By the end of the year 2000, an estimated 36 million adults and children were living with human immunodeficiency virus (HIV) infection-AIDS worldwide (39). More than 70% of these individuals resided in sub-Saharan Africa, where the average prevalence of HIV infection is currently 8.8% and transmissions occur predominantly through heterosexual routes or from mother to child (30). One of the African countries with a particularly high prevalence of human immunodeficiency virus type 1 (HIV-1) infection is Zambia, where it is estimated that 20% of all adults harbor HIV-1 and 20% of all cohabitating couples are discordant for their HIV-1 infection status (i.e., one partner is HIV-1 positive and the other is negative) (40).

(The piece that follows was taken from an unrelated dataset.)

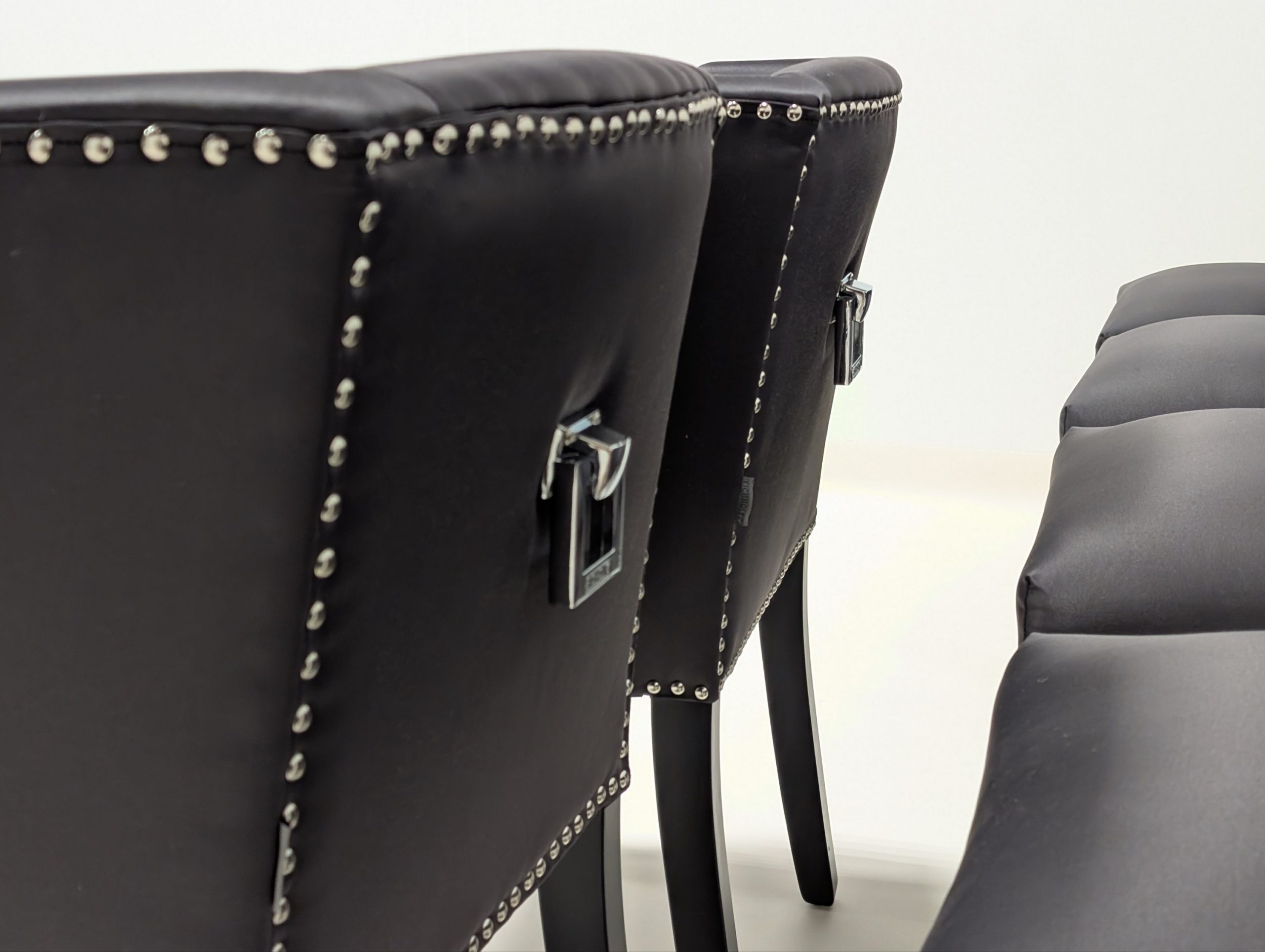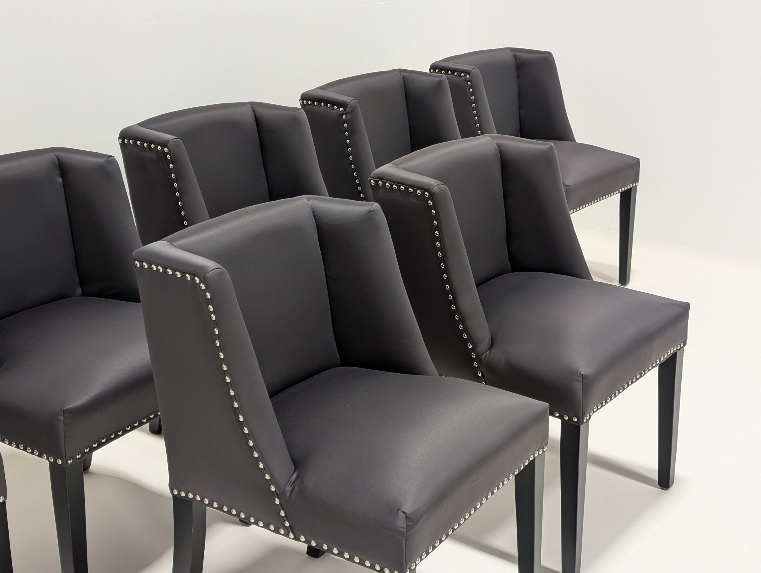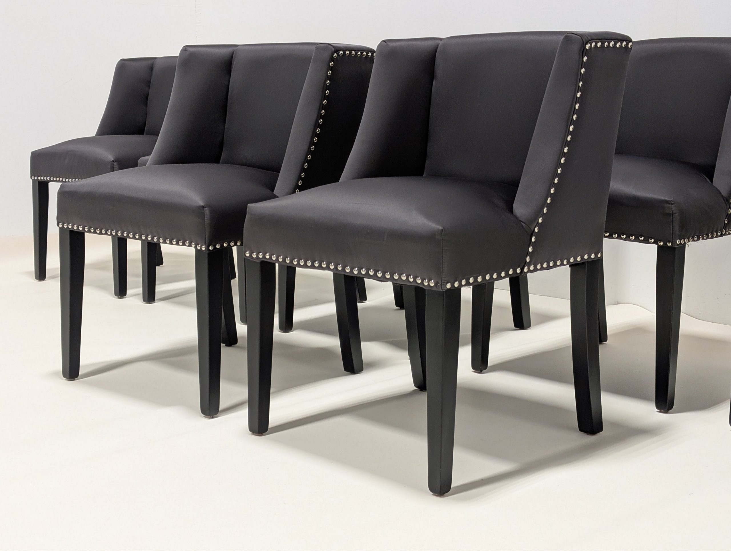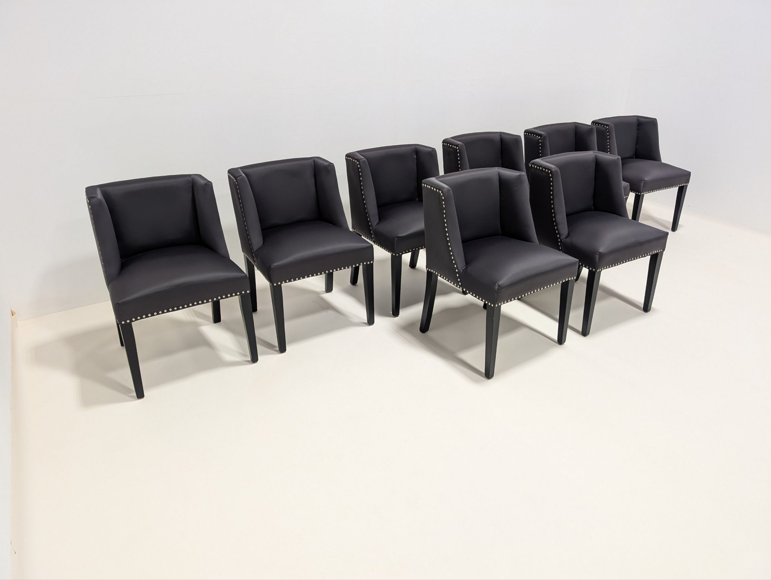 Outfit your seating ensemble in timeless beauty with the St. James Dining Chair. Featuring a black upholstery with brass stud detailing, and black finished wooden legs, this chair will look fabulous in your dining space or even as side or desk chair.

Novel interventions designed to curtail the explosive spread of HIV-1 in Zambia and other high-prevalence countries in sub-Saharan Africa are thus urgently needed but are likely to require detailed knowledge about the factors that influence heterosexual transmission.

The Zambia-UAB HIV Research Project (ZUHRP) was established in 1994 to provide voluntary HIV-1 testing and counseling, long-term monitoring, and health care to cohabitating couples in the capital city of Lusaka (3, 25). To date, 9,569 couples have been tested for HIV-1, of whom 21% were HIV-1 discordant, 26% were concordant HIV-1 positive, and 53% were concordant HIV-1 negative at the time of enrollment. Between February 1994 and October 2000, 1,022 discordant couples (535 with HIV-1-infected men and 487 with HIV-1-infected women) were enrolled into a prospective study of the incidence and predictors of heterosexual transmission and were monitored at 3-month intervals for seroconversion of the seronegative partner. Although testing and counseling prompted substantial risk reduction in this cohort, a seroconversion rate of 8.5 per 100 person years remained, which was similar for male-to-female and female-to-male transmissions (12). Because frequent follow-up visits facilitated blood collection from both the putative donor and the recipient after a transmission event, this cohort has provided a unique setting to examine the incidence, demographics, and behavioral and biological correlates as well as the viral and host determinants of heterosexual transmission of HIV-1. However, a prerequisite for the acquisition of meaningful data, particularly with regard to predictors of contagion in the index seropositive partner, is the ability to confirm, with a high level of confidence, epidemiological linkage of HIV-1 transmission between members of all putative transmission pairs.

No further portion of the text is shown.